Thank you, this looks great. I made a couple of minor changes, if you don't mind.

I also looked into adding this via a metaclass so that this is injected in every FlavoredMixin subclass automatically, but do we have a universal way to add a proper metaclass? It looks like the add_subclass add_metaclass routine actually modifies the class itself and does not affect its descendants, unless I'm missing something, which is totally possible since I don't deal with metaclasses often.

[mobiusklein]

@levitsky I'm not sure what the add_subclass name you're referring to is. By "universal way to add a proper metaclass", do you mean syntactically to deal with the differences between Py2 and Py3? There's six.add_metaclass, which produces functionally the same thing.

[levitsky]

@mobiusklein thanks for chiming in. I mean the function auxiliary.utils.add_metaclass, and yes, I was referring to a way to make it work on Py2 and Py3. We've been avoiding adding six as a dependency and I thought utils.add_subclass was functionally equivalent?

[mobiusklein]

Yes, pyteomics.auxiliary.utils.add_metaclass is functionally equivalent to six.add_metaclass. I forgot I added that (probably when I wrote the mztab module). It does affect subclasses, because the object bound to the name of the class you decorate isn't the type you wrote out syntactically. add_metaclass creates a copy of that type object's internal data structures, and then creates a new type object that is an instance of the metaclass instead of the built-in type.

So to accomplish what you're trying to do with _add_raw_field with a metaclass, you'd write something like this:

class _FastaParserFlavorMeta(type):
    def __new__(mcs, name, bases, namespace):
        if "parse" in namespace:
            namespace["parse"] = _add_raw_field(namespace["parse"])
        return super().__new__(mcs, name, bases, namespace)

@add_metaclass(_FastaParserFlavorMeta)
class FlavorMixin(...):
    ...

Here, namespace is a dict of all the names bound to the class definition, e.g. methods, class attributes, annotations, docstring, and a few other things. If the class defines a parse method, it'll be in the namespace. Otherwise, that'll be resolved by the usual MRO from bases.
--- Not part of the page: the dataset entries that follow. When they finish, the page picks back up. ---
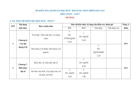 ĐỀ KIỂM TRA, ĐÁNH GIÁ HỌC KÌ II – BỘ SÁCH: CHÂN TRỜI SÁNG TẠO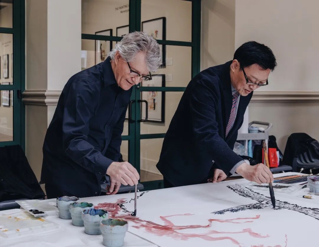 高云率先开笔,并在创作现场向现场观众阐释主题内涵,“松与树相向,象征着友谊长青,石与竹相伴,代表着坚定而清虚,这是中美民间交往的精神期许;作品尽显美好愿景与人类共同的追求。”罗伯特·格林紧随其后,以西方色彩晕染技法用朱红与土黄勾勒岩石肌理,光影与点线对比间让作品的厚重遒劲跃然纸上,实现东方写意与西方写实的巧妙融合。
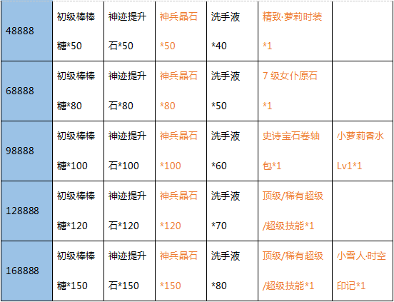 【活动内容】:活动期间累计消费达到一定额度即可全面返还豪礼!大量初级棒棒糖、神迹提升石、绕体の三色爱心、洗手液、超级/顶级技能包,极品道具不可错过!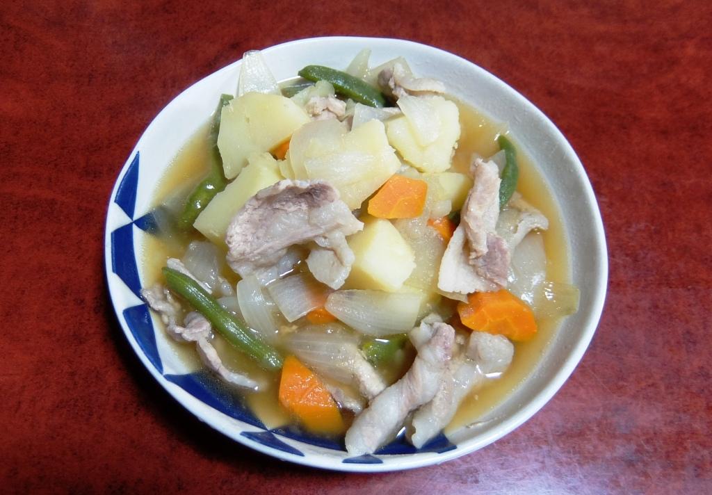 我が家でとれた野菜(玉ねぎ 人参 いんげん)と豚肉で作った肉じゃが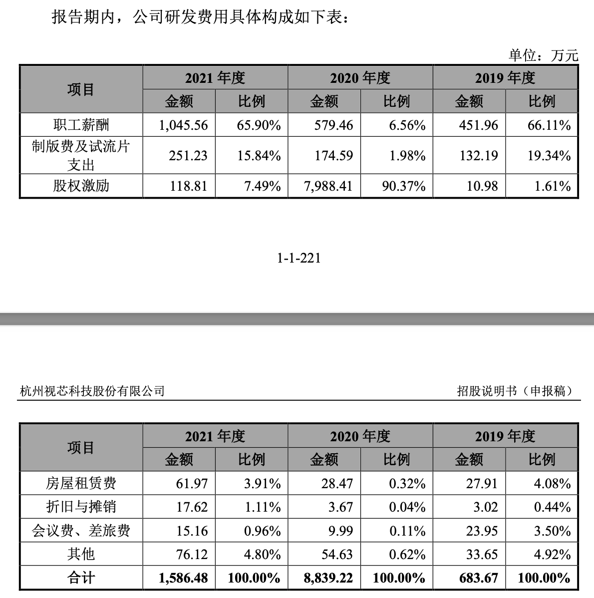 与此同时,视芯科技的研发人员待遇还不如销售人员,报告期内公司的研发人员年均薪酬(万元/人)分别为18.13、18.90、24.17,而同期销售人员年均薪酬(万元/人)分别为26.42、27.86、50.06。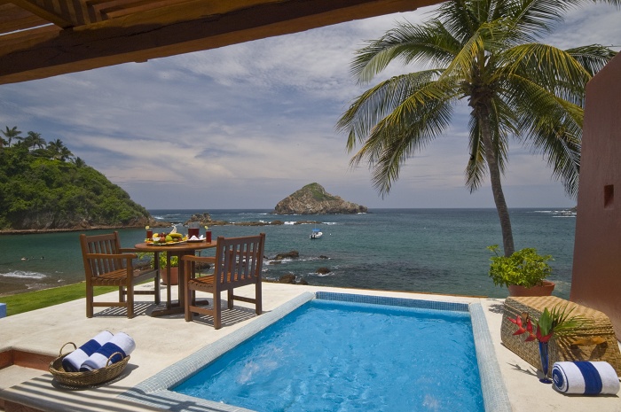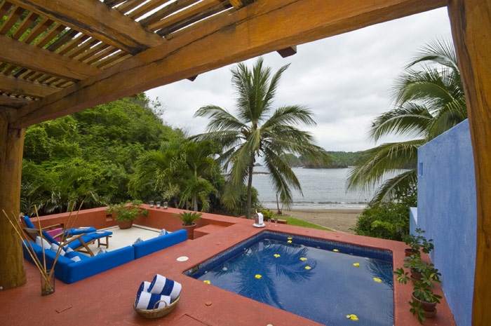 3 Casitas - две спальни с кроватями king-size, столовая, небольшая кухня, терраса с видом на Тихий океан. Есть бассейн с шезлонгами.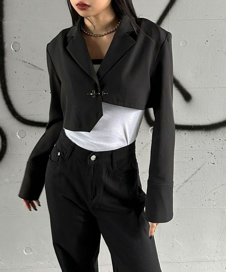 他の画像を見る Asymmetrical cropped jacket ORIGINAL HITITEM ¥ 8,800 税込 販売期間 2025/07/04 20:00 〜 カートに入れる お気に入りに登録する

If every class you create that defines a parse method is an instance of _FastaParserFlavorMeta, they'll always have this wrapped in _add_raw_field. If you were to use a mixin type that is not a _FastaParserFlavorMeta to inject your parse method won't be wrapped unless you explicitly write a forwarding method like so:

class ExternalParseMixin:
    def parse(self, *args, **kwargs):
        ...

# Inherit `_FastaParserFlavorMeta` from `FlavorMixin`, 
class NewFlavorMixin(FlavorMixin, ExternalParseMixin):
    def parse(self, *args, **kwargs):
        return ExternalParseMixin.parse(self, *args, **kwargs)

There are a few other things we did to the FASTA parsers over the years we might be able to make less repetitive with a metaclass, like _add_init, but I'd need to re-read it to remember what problem was.

[levitsky]

@mobiusklein Thank you for clearing this up. What I was apparently missing in regard to the effect of metaclasses on the subclasses is that it's only there if the metaclass returns an instance of a type other than type. I didn't realize this distinction was important, seeing the examples of metaclasses that just used type() to return an altered class definition.

For instance, this metaclass:

class NotGreatMeta(type):
    def __new__(cls, name, bases, attrs):
        print('called for', name)
        return type(name, bases, attrs)

does not print anything for a subclass of a class, but this does:

class SeriousMeta(type):
    def __new__(cls, name, bases, attrs):
        print('called for', name)
        return super().__new__(cls, name, bases, attrs)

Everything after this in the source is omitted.